Image Designer Rie Ono has designed lighting for dance, theater, and opera productions all over the world. Most recently, she toured throughout Romania and Jordan with the choreographer Yoshiko Chuma. She has collaborated with Chuma since 2007, using lighting design and photography to create visual environments for Chuma's multi-year A Page Out of Order project.  Rie has received the Ettinger Award for Excellent Designers and the Freddy Award Nominees for Best Lighting Design. She was the 2003 Japan Representative of Prague Quadrienale and holds MFA in Lighting Design from NYU. She has also served as a lighting director for international festivals and productions including Lincoln Center Festival. Rie just presented her first installation work Portrait/Water at Danspace, and continues to explore the creative possibilities of photography as well as lighting design.

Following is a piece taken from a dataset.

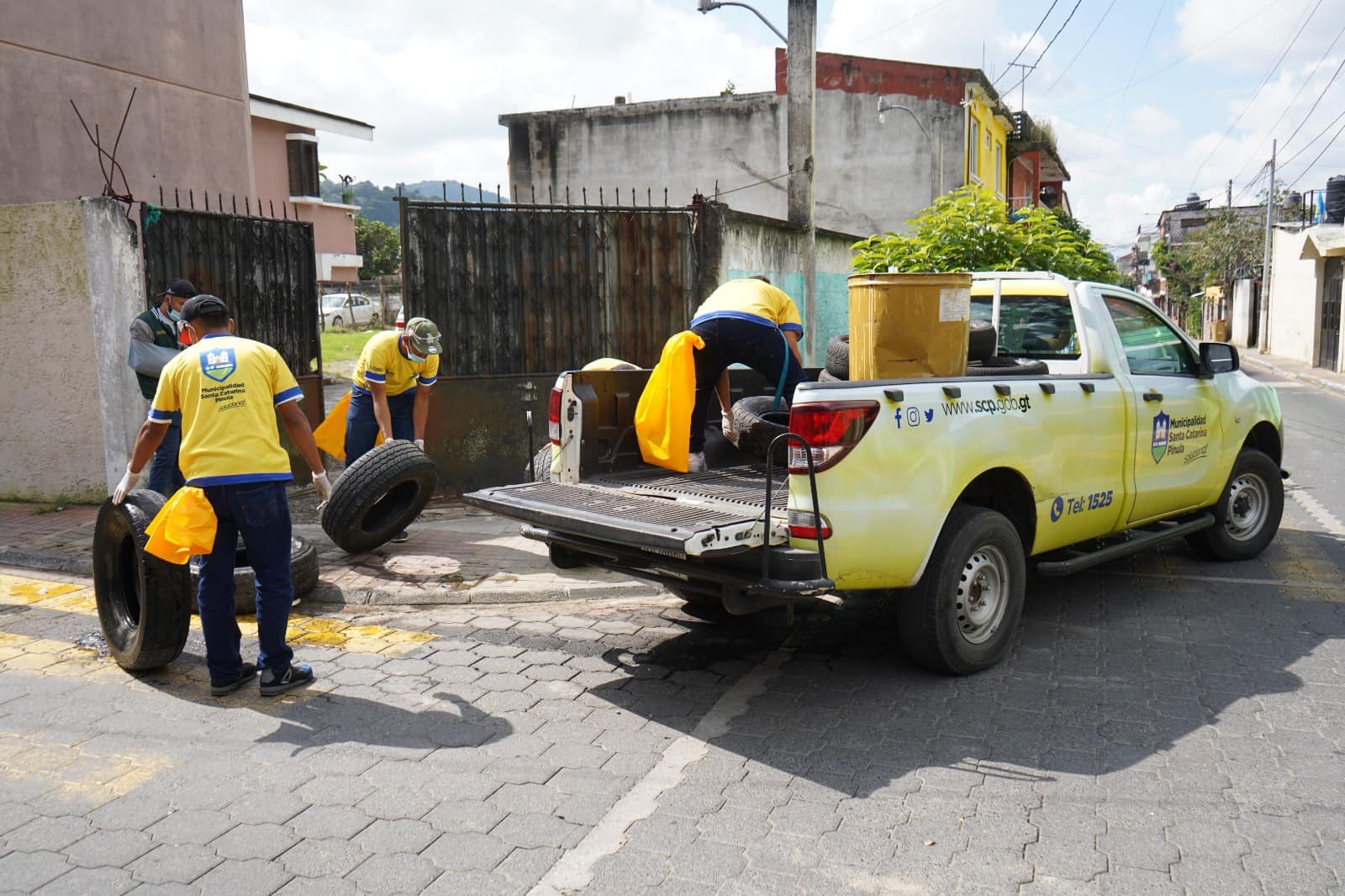 A través de la comuna de Santa Catarina Pinula se ha avanzado en labores de limpieza en la zona 1, llevando a cabo visitas de casa en casa para recoger los objetos en desuso, envases, llantas y chatarra que sean focos de criaderos de zancudos.

Sound Artist Kohji Setoh, after graduating from Keio University's Faculty of Letters in Aesthetics and Art History, completed doctoral coursework at Keio's Graduate School of Media and Governance in Computer Music / Media Art. He is a full-time lecturer for the Department of Music at Ferris University and a part-time lecturer concurrently for Keio University. Besides releasing music works on labels such as Sonore (France) and SoupDisk (Tokyo), he is often invited to act as a DJ at clubs and festivals worldwide. In addition, as a main member of the media art group flow, he has presented media art works worldwide in exhibitions such as for MoMA (New York) and Batofar (Paris). Not limited to activities as an artist, Setoh is a director of ROOT CULTURE, an artist collective based in Kamakura. The capital of Japan from 1192 to 1333, Kamakura has many historical temples and shrines, and has been the home to renowned cultural figures, such as Nobel Prize author, Yasunari Kawabata. To rediscover and cultivate the charms of Kamakura where opposite values -- old and new, natural and advanced -- can coexist, ROOT CULTURE considers what can be done, and acts upon it. In 2007, Yoshiko Chuma visited them for the first time. Then in October, 2008, The School of Hard Knocks and ROOT CULTURE collaborated in successful performances of "A Page Out of Order: Kiritosh/the Living Room Project."